Monitoring and Evaluation: We will work closely with the provincial and district health offices to collect routine aggregate statistics regarding our program. We will collect information regarding HIV testing rates stratified by gender and age. On a quarterly basis, these data will be reviewed internally to identify potential weaknesses in our approach, so that the appropriate interventions may be implemented. On a semi-annual basis, we will review these figures with the district health offices to address common obstacles and challenges.
Support for counseling and testing (CT) services in twenty-eight communities: 21 communities across seven districts in Western Province and 7 communities in Lusaka District. In Lusaka, CT is available through quarterly intensive community door-to-door campaigns.

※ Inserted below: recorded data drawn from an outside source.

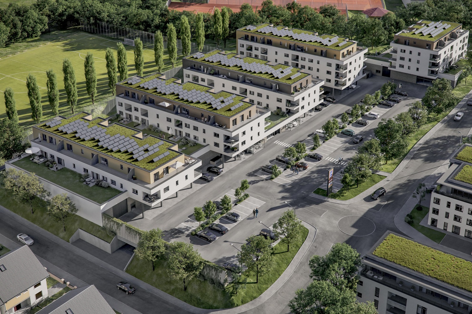 So ließen sich unterschiedliche Ansprüche berücksichtigen und auch kritische Stimmen zu nutzen, um dem Bauprojekt vor Ort Akzeptanz und Anerkennung zu verschaffen. So wurde die Höhe des Objekts stärker an die der umliegenden Häuser angepasst und die Anzahl der Wohnungen reduziert, um den Bau städtebaulich besser zu integrieren. Das Wohn- und Geschäftshaus wird außerdem als nachhaltiges Objekt geplant und mit einem begrünten Dach sowie Solarthermie ausgestattet.
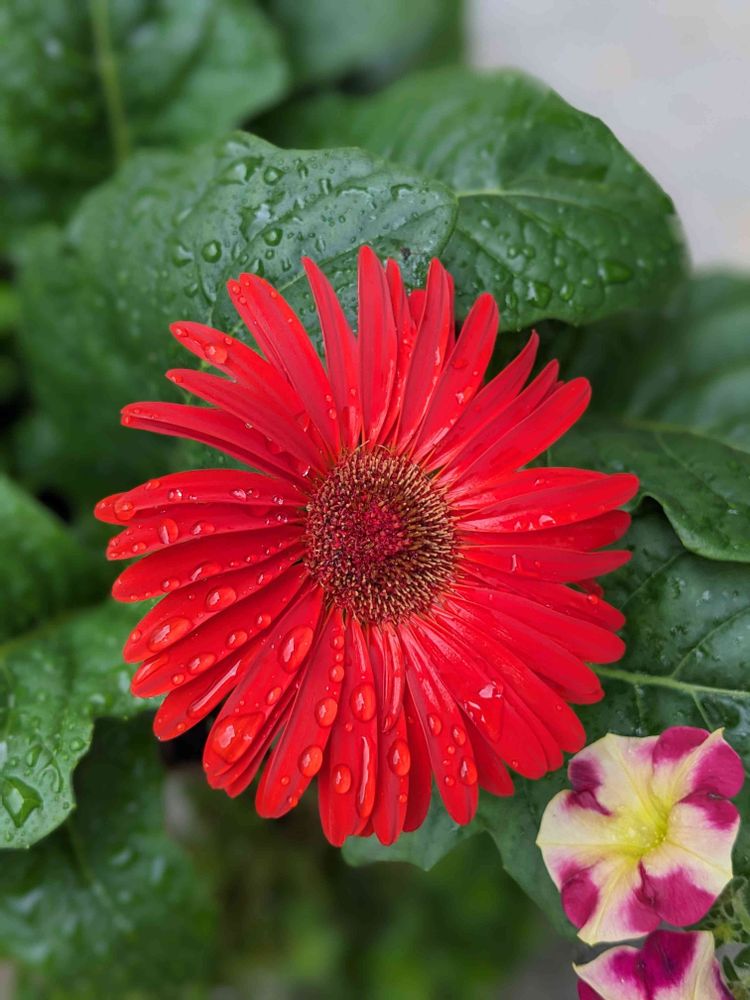 濡れてるからか赤いお花が凄く綺麗に撮れてるね🌼 鮮やかだわ❤️
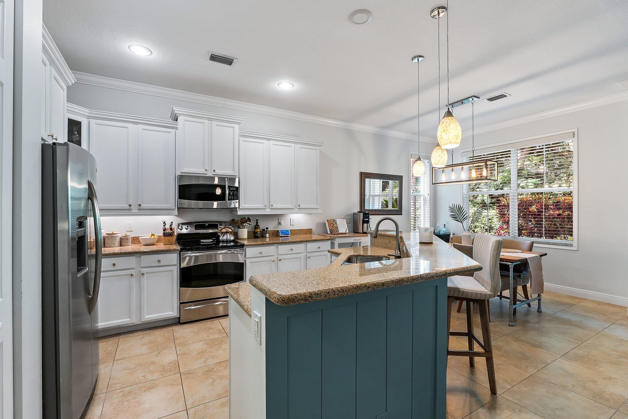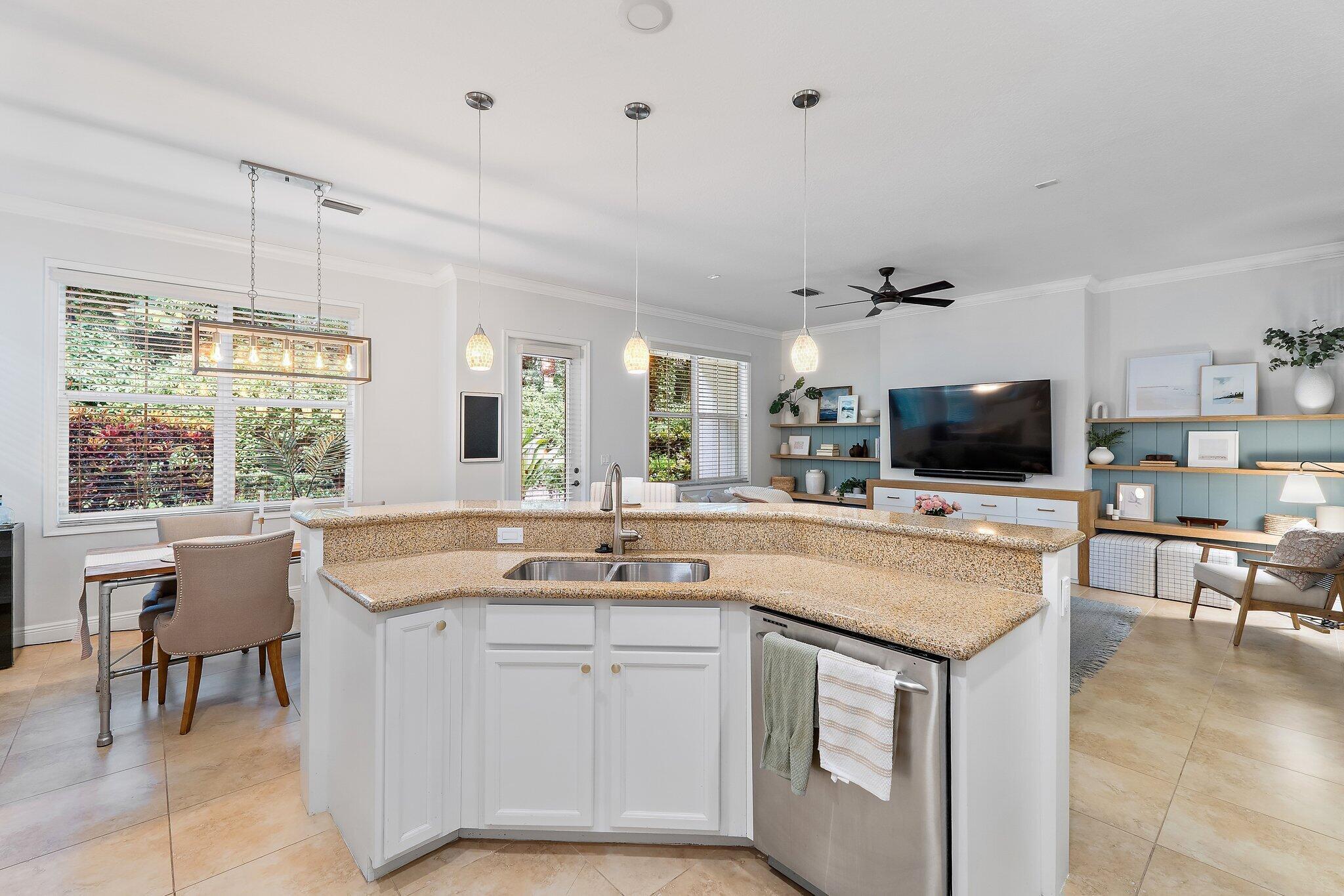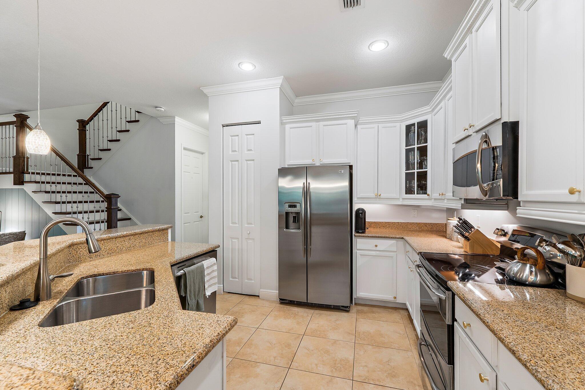 Welcome to 4033 Kingston Lane, a beautifully updated, 2 story corner townhome in the desirable gated community of Hampton Cay. This spacious residence offers 3 bedrooms, 2.5 bathrooms, a 2-car garage, and over 2100 Sf of living space, with all-impact windows and approximately $100k in upgrades. The open concept layout features tile flooring throughout the main living areas, luxury carpet upstairs, and a modern kitchen with stainless steel appliances, perfect for both everyday living and entertaining. A stunning custom built-in wall anchors the large family room, which opens to a private patio, ideal for relaxing, dining, or hosting guests. Upstairs, all bedrooms are conveniently located together, including a laundry room and the expansive primary suite with a large balcony, 2 walk-inclosets and a completely renovated bathroom featuring a soaking tub and separate glass-enclosed shower. Hampton Cay residents enjoy resort-style amenities, including a clubhouse overlooking the community lake, heated pool, hot tub, outdoor lounge, fitness center, and billiards. Cable and internet are included in the HOA. The community's prime location offers walkability to PGA Boulevard's restaurants and shops, top-rated schools, parks, tennis and pickleball courts nearby, plus quick access to I-95 and the beaches. This is the ideal home to enjoy the year-round coastal lifestyle of Palm Beach Gardens and the Palm Beaches.
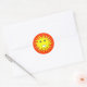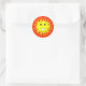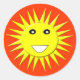This set of round stickers features this bright smiling yellow sun that is guaranteed to make you smile even on the most miserable days. It is on a red hot background and has a big white smiley mouth and huge black eyes with white pupils.
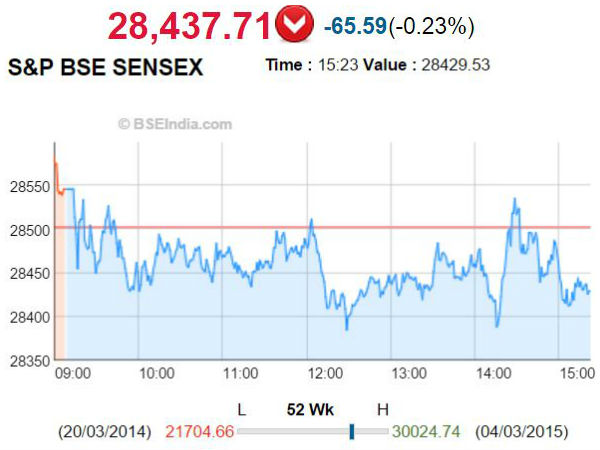 வாரத்தின் முதல் வர்த்தக நாளான இன்று சென்செக்ஸ் குறியீடு 4 மணியளவில் 65.57 புள்ளிகள் சரிவைடைந்து 28,422 புள்ளிகளை எட்டியுள்ளது. மேலும் இன்றைய வர்த்தகத்தில் முக்கிய நிறுவனங்கள் அனைத்தும் சரிவை சந்தித்தது. இதில் டிசிஎஸ், ஏர்டெல், ஹெச்டிஎஃப்சி, ஐடிசி ஆகிய நிறுவனங்களும் அடக்கம்.
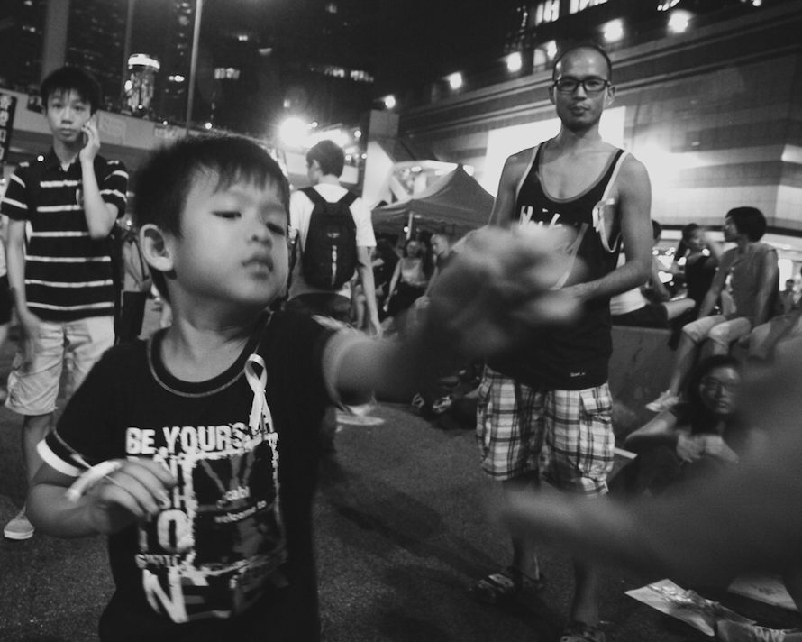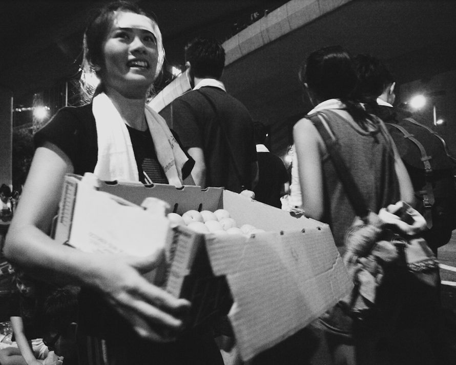 “I am not afraid. I support today’s generation of students. It is their future, and I am here for them.”“Students have integrity and they’re innocent. They are holding the future. Support their fight for universal suffrage and democracy. All civilians should stand up and fight against the Communist Party for their dictatorship and suppression.”Students, fatigued and sweaty, stay composed and bleakly optimistic inside one of the Occupation sites in Admiralty.This double-decker bus was transformed into a medical center by medical school volunteers in Admiralty. Earlier in the afternoon, the owner of the bus wanted the bus back. According to the bus driver’s Facebook page, the bus was cleaned inside and out and returned back to the driver within 10 minutes.The preferred dress of dissent includes goggles, gas masks, ice packs, and iPhones.Protesters camp on a bridge in Central.“Fresh apples! Take as many as you’d like!”A lone cyclist jumps over a barricade and strolls through an empty traffic tunnel. A single figure is rare to see during the revolution.“Here, take this! I made it! I’ve made so many! Take more!”“If you record me, I will kill you!”“Are you press? No? Then get back! Go away!”An assemblage of umbrellas sits quietly in Admiralty in the middle of a roundabout. The name “Umbrella Revolution” seems quite fitting. Umbrellas have many uses in Hong Kong, including shielding yourself from the sun, the rain, the tear gas, and from other people carrying umbrellas.Cantopop classics echoed across Hong Kong Island in half-hearted choruses and jingles. Though the organization and logistics of the occupy movement has been stellar, the chants definitely need more work or they should just get U2 or something.

In each Western Province community, CT is available through three services: (1) ongoing door-to-door campaigns by trained lay counselors offering in-home testing and counseling; (2) clinic-based HIV testing by trained lay counselors; and (3) mobile health program testing by trained lay counselors, offered as part of existing district health outreach activities.
Program activities in FY 2010 include:
1. Training a minimum of 14 new lay counselors in CT.

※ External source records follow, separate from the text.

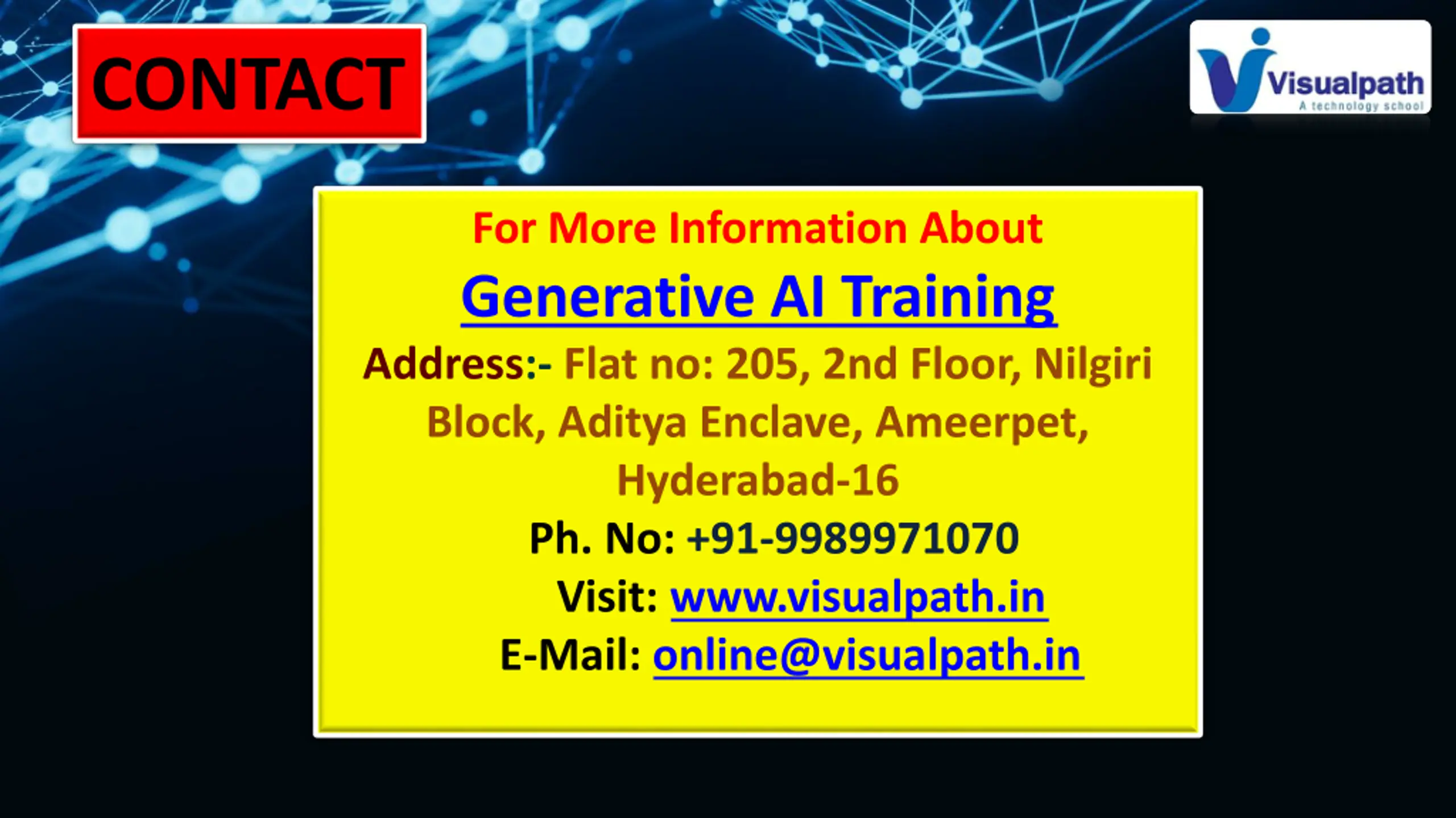 CONTACT For More Information About Generative AI Training Address:- Flat no: 205, 2nd Floor, Nilgiri Block, Aditya Enclave, Ameerpet, Hyderabad-16 Ph. No: +91-9989971070 Visit: www.visualpath.in E-Mail: online@visualpath.in
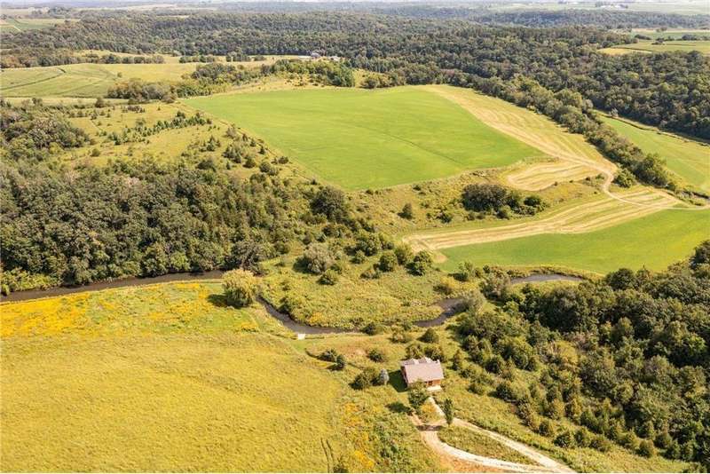 Looking for a slice of paradise tucked away on almost 100 acres with incredible surroundings in this well maintained seasonal custom built cabin offering 2 large bedrooms, tiled 3/4 bath, cozy eat-in kitchen, living room with cozy wood fireplace, hardwood floors throughout most of cabin, an incredible 3 season back deck revealing picturesque views of your heavily stocked trout stream with hill side of hardwoods as back drop with plenty of wildlife, groomed trails that follow Riceford Creek and prairie meadow views. There is approximately 26 acres of tillable, along with CRP, pollinator and RIM program. A great retreat for hunting, nature walks, fishing, land stewardship and more. A place to kick back get out of the hustle and bustle. Live with nature and all the wildlife on this remarkable property. 30 mins to Lanesboro MN, 45 minutes to La Crosse, WI, 1 hour to Rochester, MN and 2.5 hours to Twin Cities.
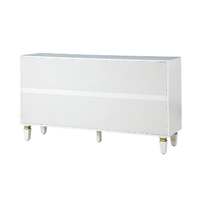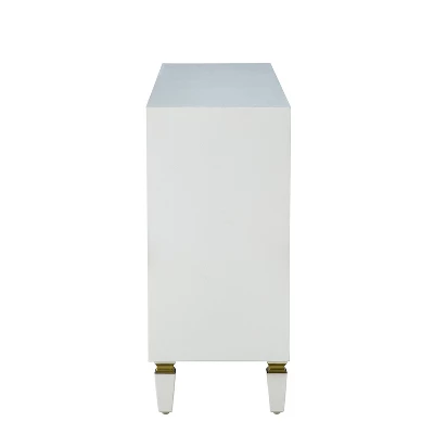This expansive sideboard is great for making a statement and adding must-have storage to any space. It’s made from solid and manufactured wood and sits on tapered legs. The four cabinet doors feature a glamorous brushed gold trim and quatrefoil pattern adding visual intrigue to this otherwise understated design. The adjustable interior shelves offer out-of-sight storage for items of all sizes. The open space at the top can be used for beautiful decorations to make your room look neat and comfortable. This sideboard is very beautiful and sophisticated, adding modern elegance to your interiors. Item Size:61″Wx15.8″Dx35.2″H

2. Continuing to support a minimum of 98 lay counselors in Western Province.
3. Conducting nine new community site assessments (six new communities in six existing districts and three new communities in one new district).
4. Procuring transportation equipment (motorcycles, bicycles, and/or boats) as appropriate for the new communities.

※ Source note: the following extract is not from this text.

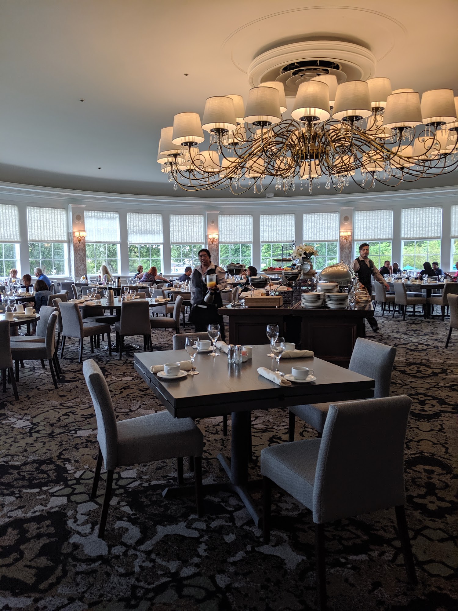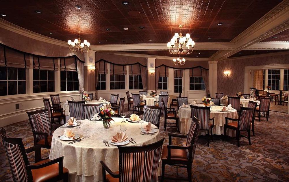 Seaview's Main Dining Room offers a pleasant meal with a very nice atmosphere. The room is beautiful, relaxed, and nicely decorated. The food is delicious and very good, with excellent clam chowder and prime rib cooked to liking, though sometimes not as requested. Service is often outstanding, fantastic, and attentive, but can feel slightly off or distracted during busy events. The experience is generally wonderful for the whole family, though some find the breakfast menu lacking charm and note a musty hotel odor. Parking is very difficult.
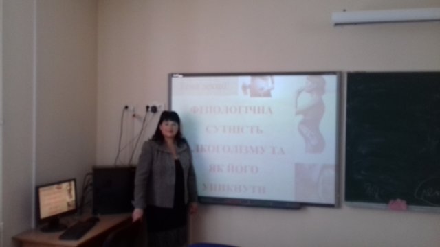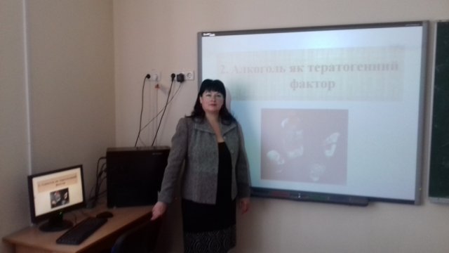 Під час лекції було розкрито поняття про тератогенні фактори, серед яких є алкоголь, шляхи потрапляння алкоголю в організм та мотиви вживання алкоголю українською молоддю, фізіологічний механізм дії алкоголю на організм, зокрема на чоловічий та жіночий, а також різних вікових груп. На завершення були висвітлені міфи про алкоголь та їх розвінчання.

5. Conducting nine intensive mobile CT drives in the nine new communities.
6. Providing ongoing evaluation of CT services in the field, including (a) regularly evaluating counseling and testing skills of providers; (b) supporting quality assurance (QA) of HIV tests in all sites; (c) participating in national QA programs; (d) implementing "refresher" trainings adapted to the MOH/CDC standard training package; and (e) all essential supplies, job aids and tools needed to conduct rapid HIV testing Consideration should be given to hiring a laboratory QA manager to coordinate and supervise lay counselors, liaison with the MOH QA team for program enrollment, and provide feedback in order to ensure high quality of rapid HIV testing.
7. Providing mentoring and supervision to improve the quality of counseling, with a particular focus on promoting couples counseling and integrating HIV prevention messages.
8. Designing and implementing a pilot program for performance-based funding at one district site, to determine its feasibility for broader implementation.
9. Supporting ongoing community outreach activities, including drama performances and meetings with community, church, and traditional leaders.
The CT coordinator will review monthly statistics from all communities, and provide supportive supervision on a quarterly basis to identify areas for improvement and develop a quarterly quality improvement action plan. We will meet with management staff in each district twice a year to address common obstacles and challenges.